Totipotent, Pluripotent, & Multipotent Cells

Totipotent stem cells: Cells able to give rise to all embryonic somatic cells and germ cells. In other words, they can build a whole animal. The zygote and a few early cells of the morula are totipotent.

Pluripotent stem cells: These cells are descendants of totipotent stem cells and can give rise to cells of the three germ layers: endoderm, mesoderm, and ectoderm. They have no contribution to extraembryonic membranes or the placenta.

Multipotent stem cells: These produce cells of a particular lineage or closely related family.

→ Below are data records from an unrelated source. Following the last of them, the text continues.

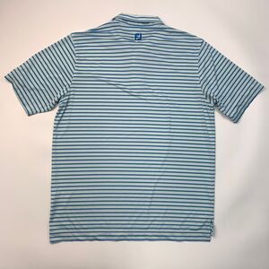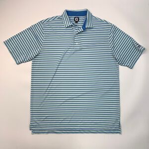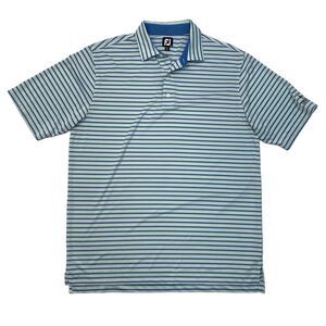 FootJoy FJ Shirt Men XL Extra Large Baby Blue Striped Stretch Shirttail Hem Polo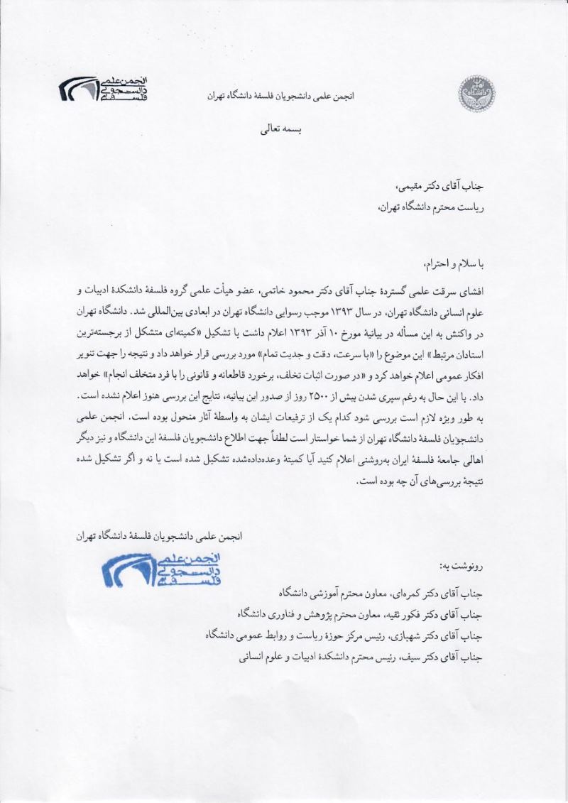 افشای سرقت علمی گستردهٔ جناب آقای دکتر محمود خاتمی، عضو هیأت علمی گروه فلسفهٔ دانشکدهٔ ادبیات و علوم انسانی دانشگاه تهران، در سال ۱۳۹۳ موجب رسوایی دانشگاه تهران در ابعادی بینالمللی شد. دانشگاه تهران در واکنش به این مسأله در بیانیهٔ مورخ ۱۰ آذر ۱۳۹۳ اعلام داشت با تشکیل «کمیتهای متشکل از برجستهترین استادان مرتبط» این موضوع را «با سرعت، دقت و جدیت تمام» مورد بررسی قرار خواهد داد و نتیجه را جهت تنویر افکار عمومی اعلام خواهد کرد و «در صورت اثبات تخلف، برخورد قاطعانه و قانونی را با فرد متخلف انجام» خواهد داد. با این حال به رغم سپری شدن بیش از ۲۵۰۰ روز از صدور این بیانیه، نتایج این بررسی هنوز اعلام نشده است. به طور ویژه لازم است بررسی شود کدام یک از ترفیعات ایشان به واسطهٔ آثار منحول بوده است. انجمن علمی دانشجویان فلسفهٔ دانشگاه تهران از شما خواستار است لطفاً جهت اطلاع دانشجویان فلسفهٔ این دانشگاه و نیز دیگر اهالی جامعهٔ فلسفهٔ ایران بهروشنی اعلام کنید آیا کمیتهٔ وعدهدادهشده تشکیل شده است یا نه و اگر تشکیل شده نتیجهٔ بررسیهای آن چه بوده است.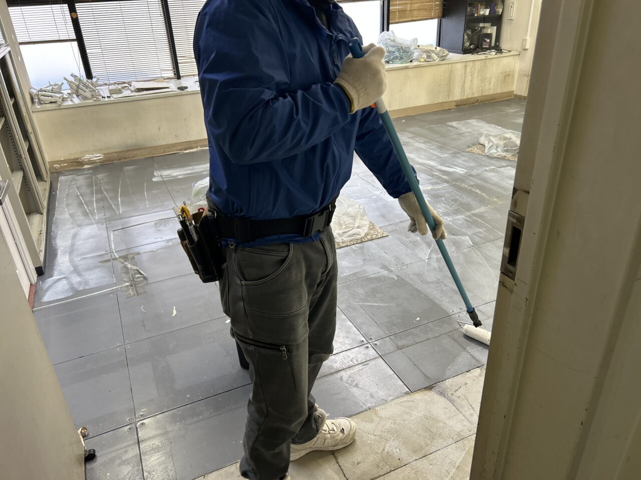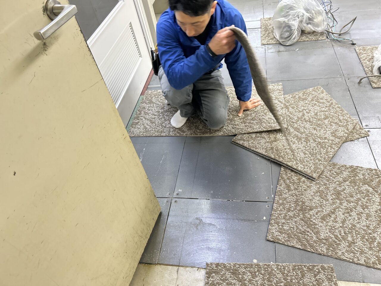 搬出が終わると、配線まとめをするそばでカーペットをはがし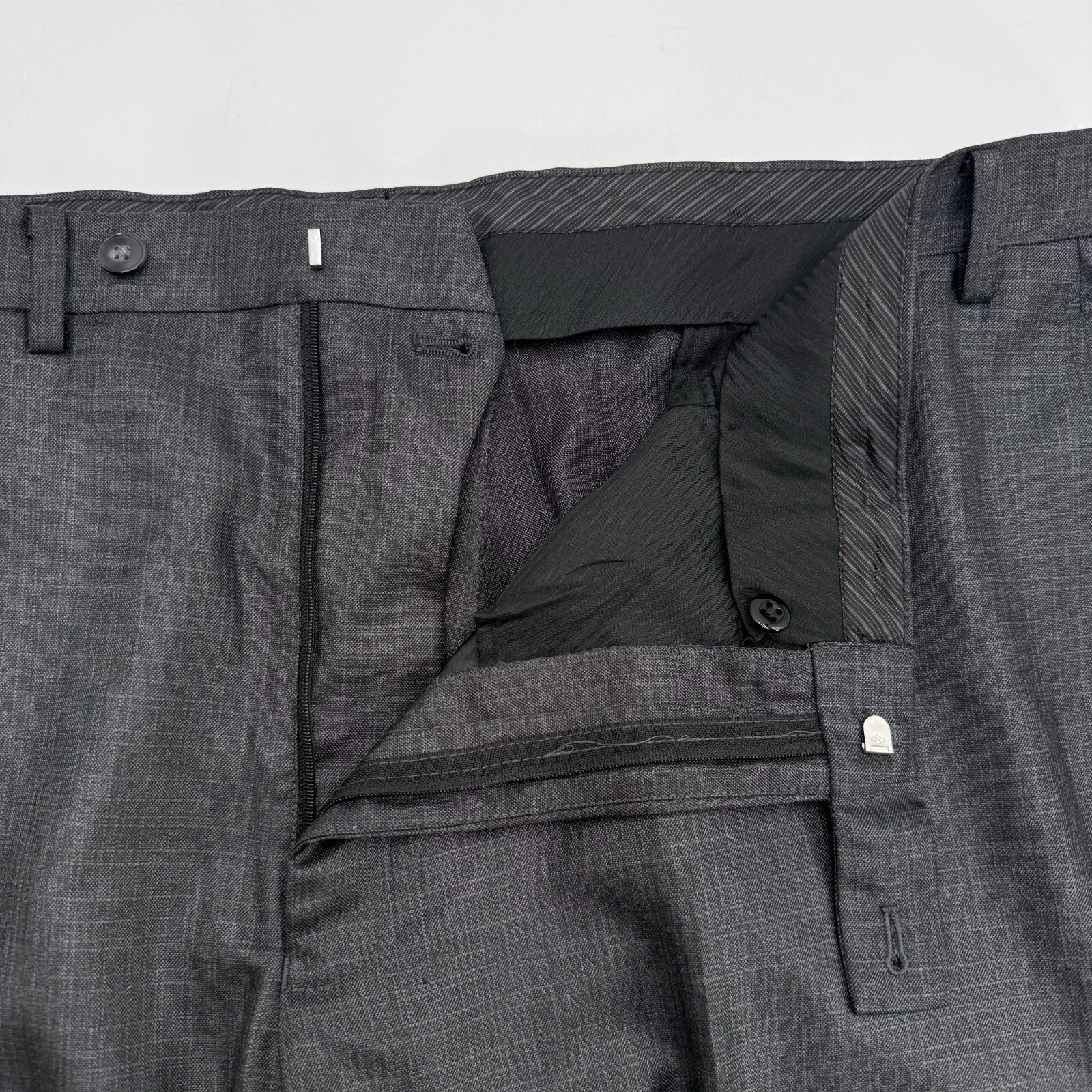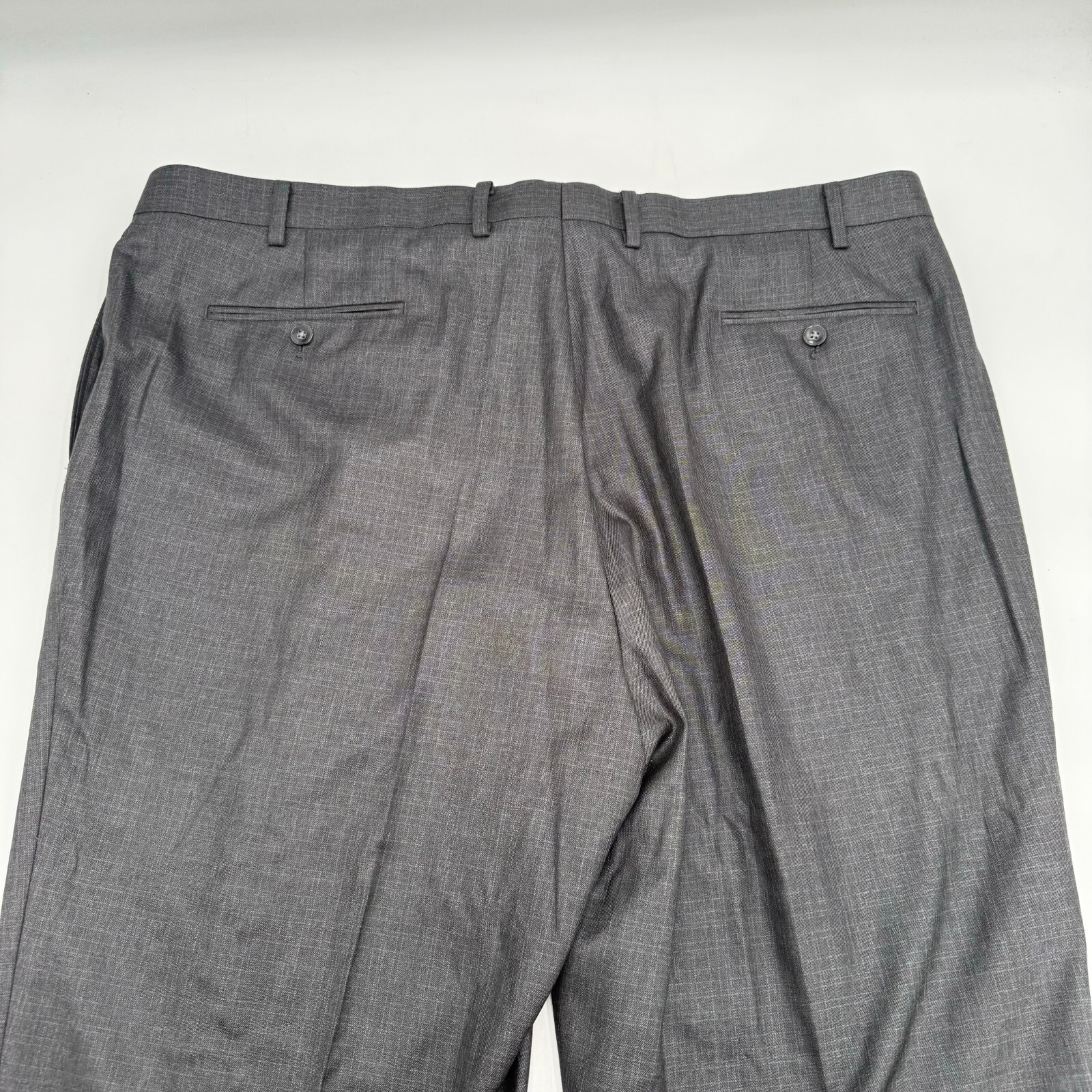 The dark grey suit slacks are perfect for any formal occasion. They feature a regular fit and a solid pattern. These pants are designed for big and tall men, with a size of 44 inches and an inseam of 38 inches.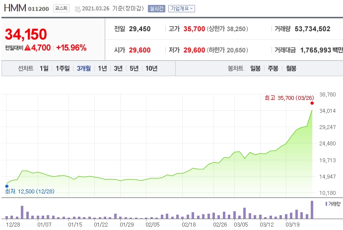 HMM의 주가를 살펴보면 작년 12월 말 12,500원대의 주가였지만 약 3개월만에 35,700원으로 치솟으며 단시간에 300% 넘게 주가가 오른 모습을 보여주고 있습니다.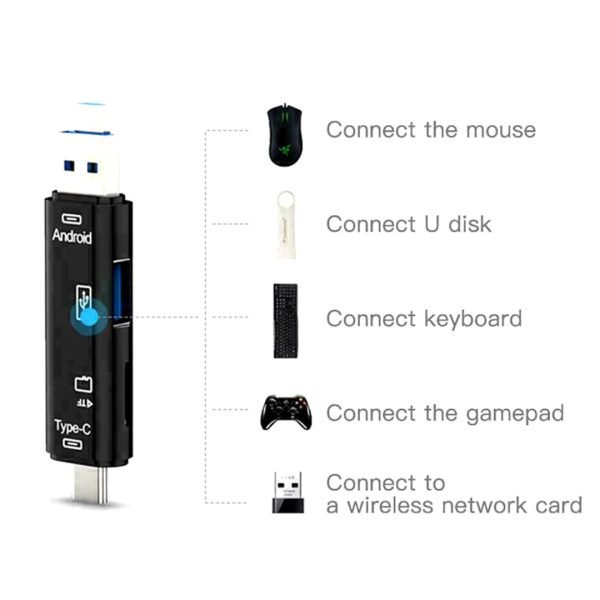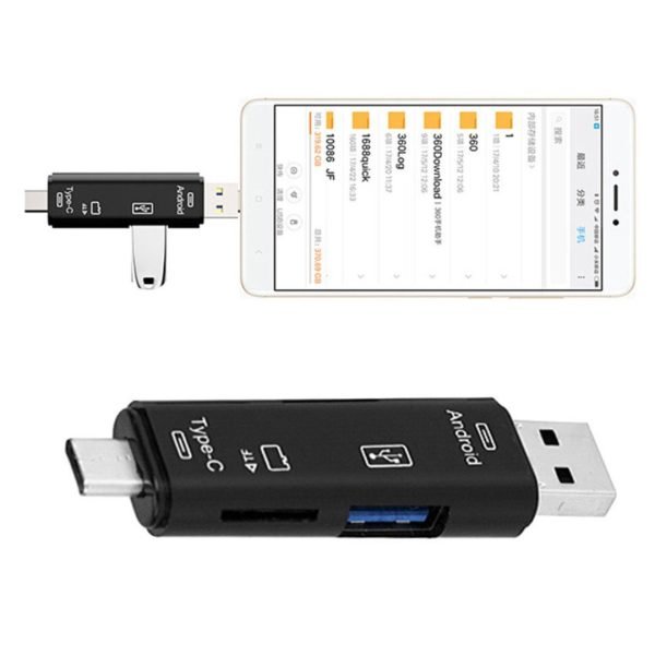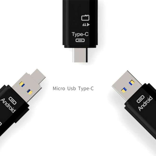 Cabezal macho USB2.0 + cabezal macho MICRO + cabezal macho tipo C, tarjeta de memoria TF de lectura de alta velocidad.

All these issues bring up the next question: How will regeneration research make an impact in the biomedical field? There are two major challenges of regeneration research. One is to gain understanding of the extraordinary biological phenomenon and explain its relationship to development and evolution. Because a trait should be beneficial to the organism, regeneration (for example, in newts) should make sense in terms of evolutionary success. Nevertheless, at this point, it is quite difficult to answer why regenerating a lens is advantageous to a newt and not to a primate. Therefore, the biology of the newt might be unique for regeneration. And because of this, gene regulation could be governed by unsuspected mechanisms. Such mechanisms could also be shared by stem cells as well, under the umbrella of the stemness mentioned above. The second challenge is to use this knowledge to find cures for replacing damaged tissues. The need for organs to be transplanted is great but the supplies are limited. Contrary to the popularization of the issue, however, answering the questions of one challenge does not necessarily mean that the other will be achieved. In other words, even if we understand how the newt regenerates a limb, it does not necessarily follow that we would accomplish the same feat in humans. The reason might have to do with unique animal biology or other evolutionary constraints. It would be of great benefit if salamanders could teach us how to grow lost legs and repair damaged brains, but how realistic is such an expectation? If, in the end, we do face such a deterrent, what is the future of regeneration?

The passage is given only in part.